Aintoura (عينطورا; Syriac: ܥܝܢܛܘܪܐ) is a town and municipality in the Keserwan District of the Keserwan-Jbeil Governorate, Lebanon. It is located 18 kilometers east of Beirut. The average elevation of Aintoura is 230 meters above the sea level and its total land area is 71 hectares. Its inhabitants are predominantly Maronite Christians.

==History==
Aintoura, which means "the water spring of the mountain" (ܥܝܢܛܘܪܐ) in Syriac, is a very old village inhabited, as tools found in two of its historic grottos witness, since the Stone Age. More recent history shows that Aintoura has been inhabited between 1307 and 1515, and since 1657 when people started living there on a continuous basis.

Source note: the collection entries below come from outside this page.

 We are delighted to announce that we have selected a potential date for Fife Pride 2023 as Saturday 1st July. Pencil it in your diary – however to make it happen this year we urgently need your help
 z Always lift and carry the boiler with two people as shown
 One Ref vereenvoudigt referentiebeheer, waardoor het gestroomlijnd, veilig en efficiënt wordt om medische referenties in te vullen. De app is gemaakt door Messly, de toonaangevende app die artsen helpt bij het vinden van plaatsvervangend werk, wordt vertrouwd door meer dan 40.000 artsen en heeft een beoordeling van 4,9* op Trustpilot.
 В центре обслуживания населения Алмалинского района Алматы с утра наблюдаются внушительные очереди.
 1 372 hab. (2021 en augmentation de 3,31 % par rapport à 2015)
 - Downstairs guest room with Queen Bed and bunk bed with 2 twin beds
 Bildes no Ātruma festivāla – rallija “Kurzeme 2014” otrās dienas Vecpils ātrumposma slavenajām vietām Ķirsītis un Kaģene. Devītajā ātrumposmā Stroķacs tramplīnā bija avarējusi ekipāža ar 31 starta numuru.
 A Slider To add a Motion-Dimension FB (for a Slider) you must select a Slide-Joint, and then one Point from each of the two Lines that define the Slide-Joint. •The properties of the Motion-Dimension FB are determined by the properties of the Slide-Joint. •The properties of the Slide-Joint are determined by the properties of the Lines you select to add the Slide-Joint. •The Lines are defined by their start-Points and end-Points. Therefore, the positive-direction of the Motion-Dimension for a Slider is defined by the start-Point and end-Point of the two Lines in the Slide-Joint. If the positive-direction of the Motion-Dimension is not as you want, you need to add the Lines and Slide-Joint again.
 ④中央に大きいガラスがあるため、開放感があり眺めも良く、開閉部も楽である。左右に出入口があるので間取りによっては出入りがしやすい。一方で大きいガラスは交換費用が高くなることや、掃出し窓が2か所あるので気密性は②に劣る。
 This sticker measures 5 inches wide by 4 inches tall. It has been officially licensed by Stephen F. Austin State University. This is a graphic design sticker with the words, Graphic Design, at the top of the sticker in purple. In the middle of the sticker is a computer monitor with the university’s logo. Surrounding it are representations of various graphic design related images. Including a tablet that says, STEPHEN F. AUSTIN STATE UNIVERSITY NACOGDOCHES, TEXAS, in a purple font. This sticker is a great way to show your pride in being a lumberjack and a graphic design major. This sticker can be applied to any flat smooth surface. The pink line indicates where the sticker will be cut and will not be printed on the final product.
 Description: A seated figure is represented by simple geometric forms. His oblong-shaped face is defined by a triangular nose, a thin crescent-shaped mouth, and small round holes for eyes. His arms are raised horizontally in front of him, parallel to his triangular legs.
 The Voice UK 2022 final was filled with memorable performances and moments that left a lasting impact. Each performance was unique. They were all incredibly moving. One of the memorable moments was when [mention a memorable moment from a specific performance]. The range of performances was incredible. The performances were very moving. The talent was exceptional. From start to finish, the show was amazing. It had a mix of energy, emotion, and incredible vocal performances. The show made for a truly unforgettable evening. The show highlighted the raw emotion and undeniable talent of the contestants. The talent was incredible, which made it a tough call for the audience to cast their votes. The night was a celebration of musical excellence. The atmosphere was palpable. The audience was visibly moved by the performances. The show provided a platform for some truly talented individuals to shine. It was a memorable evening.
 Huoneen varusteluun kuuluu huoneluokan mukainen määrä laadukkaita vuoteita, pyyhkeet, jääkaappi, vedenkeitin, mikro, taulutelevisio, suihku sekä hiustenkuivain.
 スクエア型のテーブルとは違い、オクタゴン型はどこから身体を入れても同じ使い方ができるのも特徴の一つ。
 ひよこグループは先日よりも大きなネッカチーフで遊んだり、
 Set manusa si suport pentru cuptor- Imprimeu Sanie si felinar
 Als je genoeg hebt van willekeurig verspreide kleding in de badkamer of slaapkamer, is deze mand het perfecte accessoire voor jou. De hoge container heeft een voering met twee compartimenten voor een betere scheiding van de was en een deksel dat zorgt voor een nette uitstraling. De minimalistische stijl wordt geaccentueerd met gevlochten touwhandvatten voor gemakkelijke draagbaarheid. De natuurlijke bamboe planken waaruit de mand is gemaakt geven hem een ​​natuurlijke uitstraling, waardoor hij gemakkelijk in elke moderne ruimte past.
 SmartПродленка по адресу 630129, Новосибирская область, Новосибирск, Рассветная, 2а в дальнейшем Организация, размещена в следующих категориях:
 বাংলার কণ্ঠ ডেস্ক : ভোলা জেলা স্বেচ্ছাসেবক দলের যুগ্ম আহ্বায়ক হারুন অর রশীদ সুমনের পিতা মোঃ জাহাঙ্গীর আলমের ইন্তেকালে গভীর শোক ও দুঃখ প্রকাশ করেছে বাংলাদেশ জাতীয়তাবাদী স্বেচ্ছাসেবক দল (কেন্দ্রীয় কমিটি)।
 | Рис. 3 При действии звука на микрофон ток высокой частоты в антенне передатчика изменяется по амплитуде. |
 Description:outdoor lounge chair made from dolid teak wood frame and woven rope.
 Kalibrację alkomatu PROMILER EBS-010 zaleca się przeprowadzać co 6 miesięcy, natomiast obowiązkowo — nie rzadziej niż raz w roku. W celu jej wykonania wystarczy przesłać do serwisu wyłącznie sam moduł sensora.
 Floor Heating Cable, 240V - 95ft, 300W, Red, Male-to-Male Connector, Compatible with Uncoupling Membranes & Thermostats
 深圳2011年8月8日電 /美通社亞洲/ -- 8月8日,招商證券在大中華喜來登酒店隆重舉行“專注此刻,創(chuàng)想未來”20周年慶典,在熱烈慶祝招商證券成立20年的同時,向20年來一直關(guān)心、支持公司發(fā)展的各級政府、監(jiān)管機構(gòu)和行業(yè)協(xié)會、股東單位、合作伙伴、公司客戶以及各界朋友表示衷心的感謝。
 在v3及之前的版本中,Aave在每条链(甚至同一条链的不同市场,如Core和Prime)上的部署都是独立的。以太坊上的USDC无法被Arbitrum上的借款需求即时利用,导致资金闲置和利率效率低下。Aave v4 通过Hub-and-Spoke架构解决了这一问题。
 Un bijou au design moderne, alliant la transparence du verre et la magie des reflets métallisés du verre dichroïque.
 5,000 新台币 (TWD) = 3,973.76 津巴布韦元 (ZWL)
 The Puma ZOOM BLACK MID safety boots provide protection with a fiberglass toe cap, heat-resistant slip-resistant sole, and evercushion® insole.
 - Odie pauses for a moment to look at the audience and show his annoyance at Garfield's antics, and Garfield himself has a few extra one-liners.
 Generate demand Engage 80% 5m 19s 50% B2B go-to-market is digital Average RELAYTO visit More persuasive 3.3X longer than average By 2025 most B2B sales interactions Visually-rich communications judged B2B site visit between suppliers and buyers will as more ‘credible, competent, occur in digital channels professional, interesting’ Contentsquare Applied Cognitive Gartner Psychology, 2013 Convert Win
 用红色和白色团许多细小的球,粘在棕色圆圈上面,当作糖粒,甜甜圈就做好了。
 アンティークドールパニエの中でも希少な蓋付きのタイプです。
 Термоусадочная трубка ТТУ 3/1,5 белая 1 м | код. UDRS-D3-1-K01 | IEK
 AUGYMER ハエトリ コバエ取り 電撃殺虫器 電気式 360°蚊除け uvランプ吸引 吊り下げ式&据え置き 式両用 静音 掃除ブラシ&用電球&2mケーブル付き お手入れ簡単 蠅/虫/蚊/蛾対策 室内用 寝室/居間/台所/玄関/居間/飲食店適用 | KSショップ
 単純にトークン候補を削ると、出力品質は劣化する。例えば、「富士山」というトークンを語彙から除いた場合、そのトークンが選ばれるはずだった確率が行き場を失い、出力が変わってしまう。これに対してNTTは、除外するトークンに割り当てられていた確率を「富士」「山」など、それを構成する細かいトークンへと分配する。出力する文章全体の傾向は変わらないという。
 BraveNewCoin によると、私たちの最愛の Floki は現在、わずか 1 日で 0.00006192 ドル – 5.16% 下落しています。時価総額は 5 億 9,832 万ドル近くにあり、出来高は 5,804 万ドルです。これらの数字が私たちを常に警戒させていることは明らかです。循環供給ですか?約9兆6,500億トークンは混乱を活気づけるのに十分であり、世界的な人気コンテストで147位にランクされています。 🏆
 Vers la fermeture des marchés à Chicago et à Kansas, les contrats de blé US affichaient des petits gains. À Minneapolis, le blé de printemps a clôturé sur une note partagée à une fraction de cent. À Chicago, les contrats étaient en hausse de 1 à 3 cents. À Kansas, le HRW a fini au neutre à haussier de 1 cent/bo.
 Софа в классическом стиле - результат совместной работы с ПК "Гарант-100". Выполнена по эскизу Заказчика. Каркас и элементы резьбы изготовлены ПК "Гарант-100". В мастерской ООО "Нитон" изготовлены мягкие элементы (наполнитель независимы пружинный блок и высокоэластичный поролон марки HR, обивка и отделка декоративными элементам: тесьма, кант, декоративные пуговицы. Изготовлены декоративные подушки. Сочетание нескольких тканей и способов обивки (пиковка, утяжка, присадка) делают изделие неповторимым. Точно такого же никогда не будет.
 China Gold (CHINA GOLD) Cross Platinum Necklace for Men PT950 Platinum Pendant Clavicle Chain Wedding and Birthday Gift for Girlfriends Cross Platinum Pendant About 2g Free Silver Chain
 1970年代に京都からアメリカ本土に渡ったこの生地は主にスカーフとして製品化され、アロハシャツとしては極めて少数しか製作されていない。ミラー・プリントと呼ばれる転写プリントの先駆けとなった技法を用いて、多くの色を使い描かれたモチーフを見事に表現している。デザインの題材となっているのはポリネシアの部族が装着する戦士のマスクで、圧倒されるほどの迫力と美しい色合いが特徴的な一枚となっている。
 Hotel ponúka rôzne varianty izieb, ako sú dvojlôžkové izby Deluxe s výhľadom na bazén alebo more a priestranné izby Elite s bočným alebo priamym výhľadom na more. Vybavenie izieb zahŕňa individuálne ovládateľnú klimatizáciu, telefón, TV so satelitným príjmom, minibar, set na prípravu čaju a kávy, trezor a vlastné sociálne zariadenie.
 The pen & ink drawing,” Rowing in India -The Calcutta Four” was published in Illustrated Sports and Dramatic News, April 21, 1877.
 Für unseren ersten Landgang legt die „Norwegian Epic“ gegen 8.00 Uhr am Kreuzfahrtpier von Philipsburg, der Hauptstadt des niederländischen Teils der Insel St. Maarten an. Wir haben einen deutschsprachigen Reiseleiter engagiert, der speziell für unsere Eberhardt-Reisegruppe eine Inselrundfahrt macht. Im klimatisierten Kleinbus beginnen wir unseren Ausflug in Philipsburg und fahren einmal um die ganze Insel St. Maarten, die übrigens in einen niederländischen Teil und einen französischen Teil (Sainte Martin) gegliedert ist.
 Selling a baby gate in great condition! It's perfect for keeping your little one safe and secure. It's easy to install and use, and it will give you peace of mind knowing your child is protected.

Main Religious Centers of Attraction:
The Convent of the Visitation: Founded in 1746, it was a convent for nuns, which was instituted in 1862, and was the first school for girls in the entire region. May Ziadeh, a well-known scholar, graduated from this school.
The Cemetery of Armenian Orphans: This cemetery, hosted within the walls of Saint- Joseph College in Antoura, is the resting home for more than three hundred Armenian children who had died from typhus during World War I, after having been lodged in the college. At the time, Lebanon was an integral part of the Ottoman Empire, and Saint Joseph College had been morphed into an orphanage, its church into a first aid center, and its tower into a minaret. Also, the Turks had proceeded to changing the names of those orphans into Arabic names, while making them follow Islam.

==Geography==
Aintoura is located 21 km east of Beirut (Capital of Lebanon), in the heart of Mount Lebanon. From an elevation of 250m, it overlooks green, pine covered valleys on one side, and the Mediterranean Sea on the other. Aintoura spreads over 760.000 square meters, is home to 3200 inhabitants, and enjoys a very mild climate.

==Education==
The village of Aintoura is known for hosting the first school in the Middle East, Collège Saint Joseph of Aintoura, founded in 1653.
For uncountable years, it has hosted sons of legions of notables from all over the region: Iran, Egypt, Cyprus, Syria and Turkey. Christians, Muslims, and Jews, sons of political foes, all grew side by side, became friends, shared the same values, thanks to an education that gave proper respect to ethical and moral values, while respecting personal differences. The teachings have had a lasting effect on the political developments in the region. Several public figures had studied in Collège Saint Joseph of Aintoura, namely three former Lebanese Presidents, Suleiman Frangieh, Rene Mouawad, and Elias Sarkis, May Ziadeh, Kamal Jumblatt, Ghassan Tueni, Maurice Gemayel, and many others...
Aintoura, as a village, has, therefore, a proper higher learning institution, not a simple village school. This institution has been rearing, every year, around 3800 students from several neighboring areas.

The Lebanese Canadian University, LCU, founded in 2000, has been graduating around 1500 students every year with degrees in business, Sciences, Arts, and Humanities in partnership with internationally renowned universities such as l'Université Montesquieu Bordeaux IV, Grenoble École de Management, IPAC France & Switzerland, Université du Quebec in Montreal, and Université de Sherbrooke in Canada.